Larval Forms of Echinodermata

The development of echinoderms is characterized by a unique and intricate process of metamorphosis, which is unlike any other group of animals. Echinoderms exhibit two primary modes of development: direct and indirect. In direct development, there are no distinct larval stages, and the organism proceeds directly from egg to adult. In contrast, indirect development involves the formation of one or more larval stages, which are free-swimming and play a key role in the organism’s life cycle.

In most echinoderms, the larvae are bilaterally symmetrical, a clear contrast to the radial symmetry of the adult form. This bilaterally symmetrical larva is propelled by cilia, typically organized into a ciliated band. Depending on the species, this ciliated band may be augmented by a number of slender arms or projections originating from the body wall. These projections, whether short or long, help distinguish the different classes of echinoderms based on their structural features.
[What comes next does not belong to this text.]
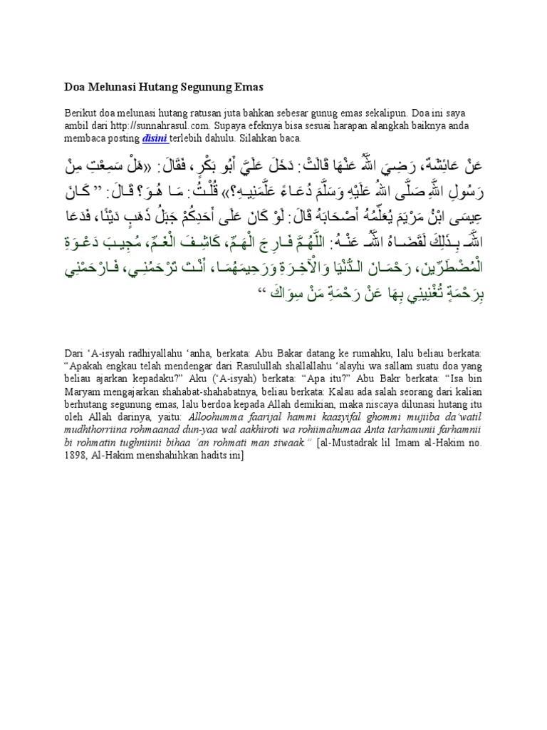 Jika anda memiliki banyak hutang, silakan amalakan jika engkau mau mengamalkannya, allah akan meluaskan rezekimu untuk melunasi semua hutangmu, walaupun hutangmu sebesar gunung banyaknya. Doa melunasi hutang sebesar gunung. Doa untuk segera melunasi hutang tersebut hendaklah dibaca setiap shalat dan sebelum tidur. Memiliki hutang yang segunung memang berdampak buruk pada pikiran serta hati. Doa terbebas dari hutang mp3 duration 2:22 size 5.42 mb / banghen.com 2. Amalkan doa melunasi hutang ini dengan tekun dan isitiqomah. Contohnya adalah sahabat rasulullah yang bernama muaz bin jabal yang terjerat hutang kepada. Banyak orang yang tidak tahan. Telah diceritakan dari zuhair bin harb, telah diceritakan dari jarir, dari suhail, ia berkata, abu shalih telah memerintahkan kepada kami bila salah seorang di antara kami hendak tidur, hendaklah berbaring di sisi kanan. Berdoalah agar bisa lunas hutang karena melunasi hutang wajib hukumnya didalam islam. Doa melunasi hutang ini adalah doa yang diajarkan oleh rosullullah terdahulu. Termasuk dalam segala kebutuhan rumah tangga. Doa ini sebenarnya adalah pelancar rezeki dimana anda yang rajin dan istiqomah mengamalkan doa ini insya allah berapapun hutang anda dalam waktu dekat.

Besides their ciliated propulsion, the echinoderm larvae undergo a significant metamorphosis, transforming from bilateral symmetry to the radial symmetry characteristic of adults. This metamorphosis is a critical phase, marking the transition from the free-swimming larval stage to the sessile or slow-moving adult form. The process of metamorphosis involves substantial reorganization of the body, which reflects the phylogenetic history and evolutionary adaptations of echinoderms.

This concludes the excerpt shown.